It seems like a nightmare for some 28,000 investors who were allegedly bilked of some $7 billion by financier R. Allen Stanford: two receivers, one in the United States and the other in Antigua, are fighting over what to do with Stanford’s assets.
Dallas attorney Ralph Janvey, who was appointed as Stanford’s U.S. receiver, has just asked the Department of Justice to seize some $330 million frozen in Stanford’s foreign bank accounts, Bloomberg reports.
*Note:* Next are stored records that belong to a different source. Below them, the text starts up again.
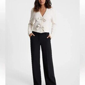 EXPRESS Bow V-Neck Puff Shoulder Cardigan Sweater in Ivory White
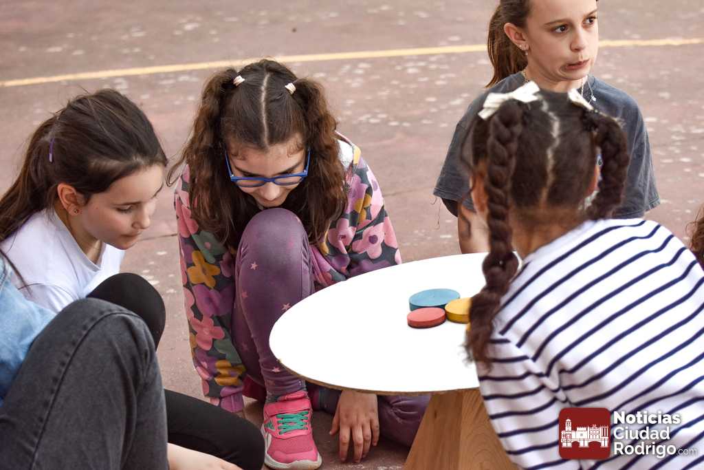 Los escolares del San Francisco disfrutaron de una mañana de juegos tradicionales en el patio del centro. Desde el juego de la rana hasta la comba, las canicas o los zancos, los niños y niñas del centro conocieron y pusieron en práctica estos divertimentos habituales de otras épocas (algunas relativamente recientes), todo ello dentro del marco de la Semana Cultural que finaliza mañana viernes 11.
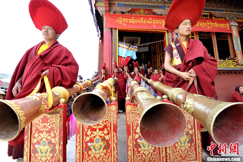 今年6月26日至6月30日即藏历4月25日至藏历4月29日,西藏直贡梯寺迎来了一年一度的夏季大法会。已有830多年历史的直贡梯寺是藏传佛教直贡噶举派的祖庭。直贡梯寺于每年藏历4月25日举行法会,为期5天。藏历4月25日为直贡梯寺创始人觉巴·记登工布圆寂之日,为纪念他,每年此日,直贡梯寺都会举办法会。金刚神舞,藏语叫“羌姆”,通俗的说法是“跳神”,这是藏传佛教僧侣表演的一种宗教仪式舞蹈。这种舞有单人舞、双人舞和集体舞三种形式。跳舞时戴面具,穿长袍,佩彩带和刀盾。伴奏的乐器有舞钹、牛角号、唢呐等。图为法会现场。中新社发 李林 摄

Janvey has been battling a receiver appointed by the Antiguan government for control of the financier’s estate for nearly three years.
“The Antiguan receiver was awarded control by Swiss and British courts of the former billionaire’s bank accounts in those countries, while Janvey controls Stanford assets in the U.S.,” Bloomberg explains. “Lawyers for Janvey and the Antiguan receiver told the Dallas judge in charge of the U.S. Securities and Exchange Commission’s civil fraud case against Stanford that the two receivers can’t agree how to share control of the estate or repay depositors.”
“Millions of dollars have been spent litigating these jurisdictional issues – all at the expense of the victims,” attorney Peter Morgenstern, a member of the Stanford investors’ committee, said in a Nov. 18 letter to the DOJ, Bloomberg said. “The committee urges the DOJ to immediately begin the process to repatriate these funds to the U.S. for prompt distribution to all legitimate Stanford victims, regardless of citizenship or residency status.”
Meanwhile, Stanford has been busy while in prison awaiting trial. For a time, he was suing the DOJ, the FBI and the Securities and Exchange Commission, accusing the agencies of “abusive law enforcement,” as Main Justice reported last March.